● **TRY IT**
In the entries below, locate the line with "户外不锈钢城市花箱坐凳庭院商业街广场护栏花槽景观座椅花坛花架", then give again that line and all lines after it, exactly, with pictures omitted.

>>>>

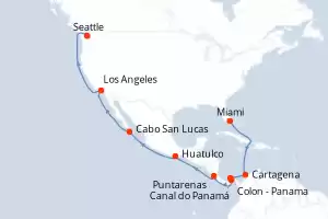 Itinerário : Miami, Cartagena, Colon - Panama, Canal do Panamá, Puntarenas, Huatulco, Cabo San Lucas, Los Angeles, Seattle
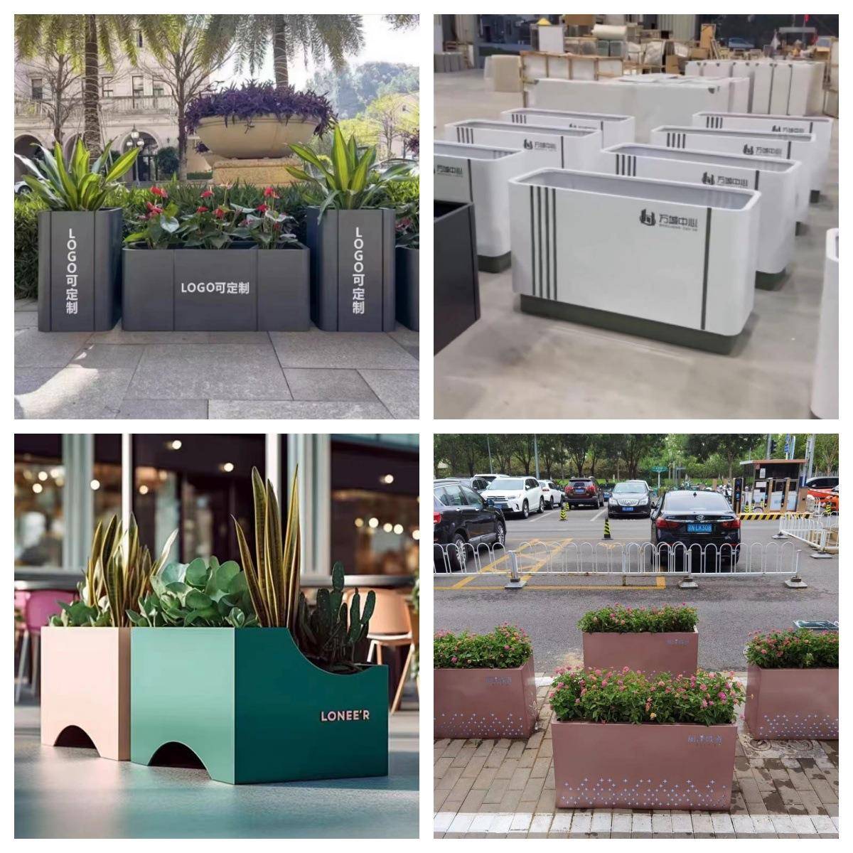 户外不锈钢城市花箱坐凳庭院商业街广场护栏花槽景观座椅花坛花架
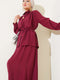 Hidden Button Belted Skirted Two Piece Suit Burgundy
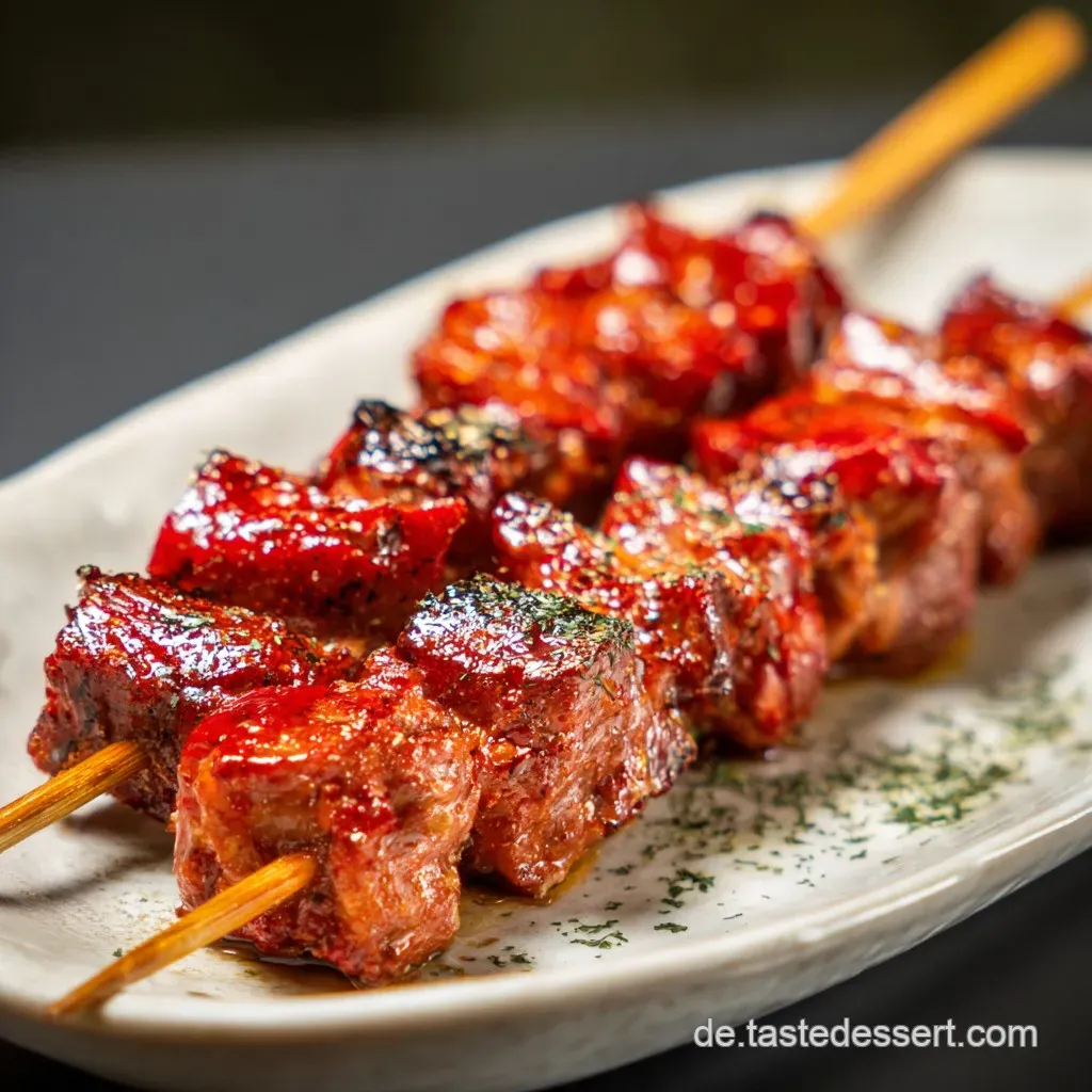 - Anrichten: Drapiere die Spieße auf Tellern und übergieße sie großzügig mit der samtigen Sauce.
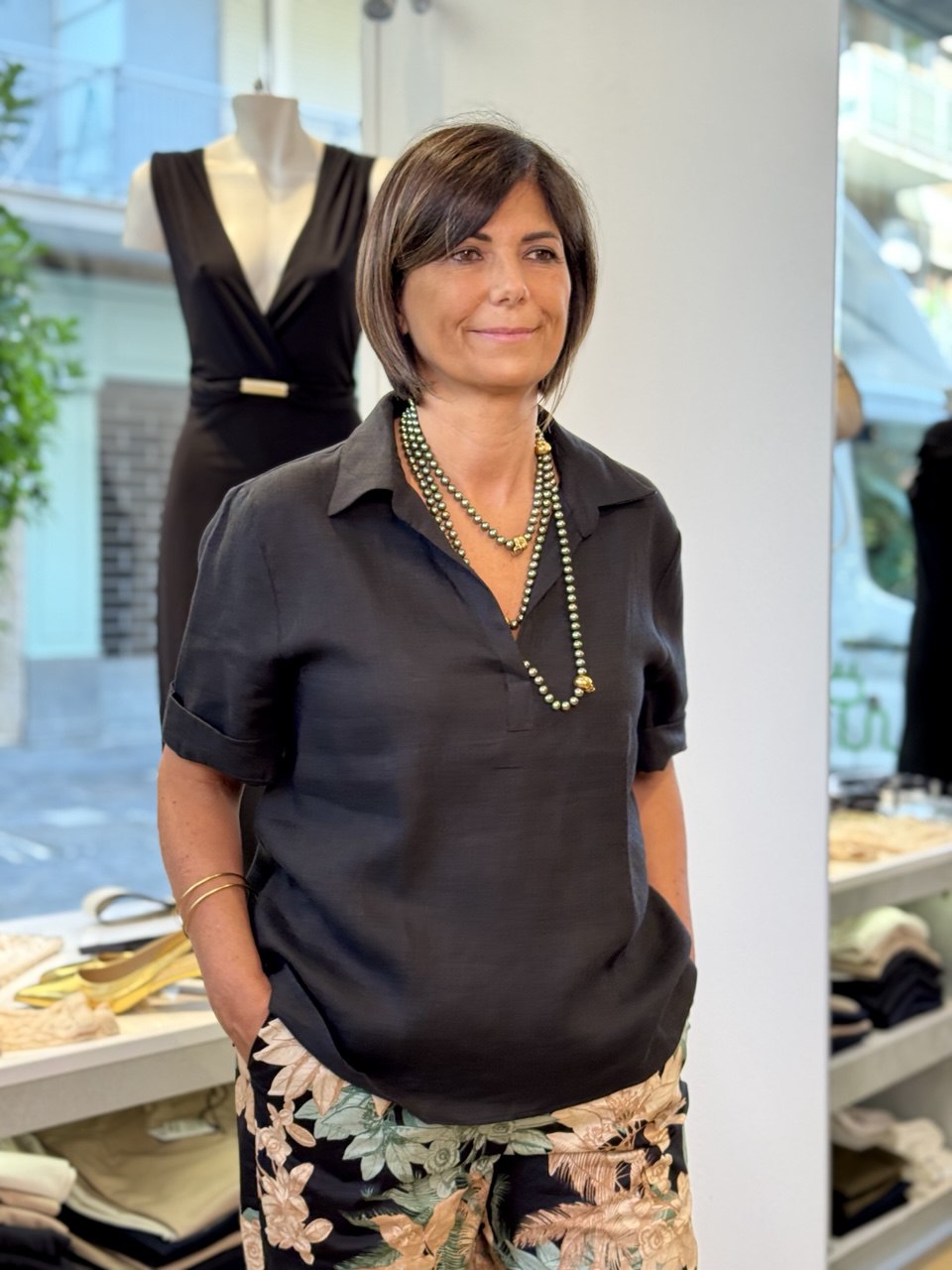Perfetta per un look da giorno, abbinata a pantaloni fantasia come nelle foto per un tocco vivace, o a jeans e shorts per un'estetica più disinvolta. Ottima anche per un aperitivo serale o una passeggiata estiva, per un tocco di eleganza senza sforzo.

<<<<

● **REPLY TO THE EXERCISE**
 户外不锈钢城市花箱坐凳庭院商业街广场护栏花槽景观座椅花坛花架
 Hidden Button Belted Skirted Two Piece Suit Burgundy
 - Anrichten: Drapiere die Spieße auf Tellern und übergieße sie großzügig mit der samtigen Sauce.
Perfetta per un look da giorno, abbinata a pantaloni fantasia come nelle foto per un tocco vivace, o a jeans e shorts per un'estetica più disinvolta. Ottima anche per un aperitivo serale o una passeggiata estiva, per un tocco di eleganza senza sforzo.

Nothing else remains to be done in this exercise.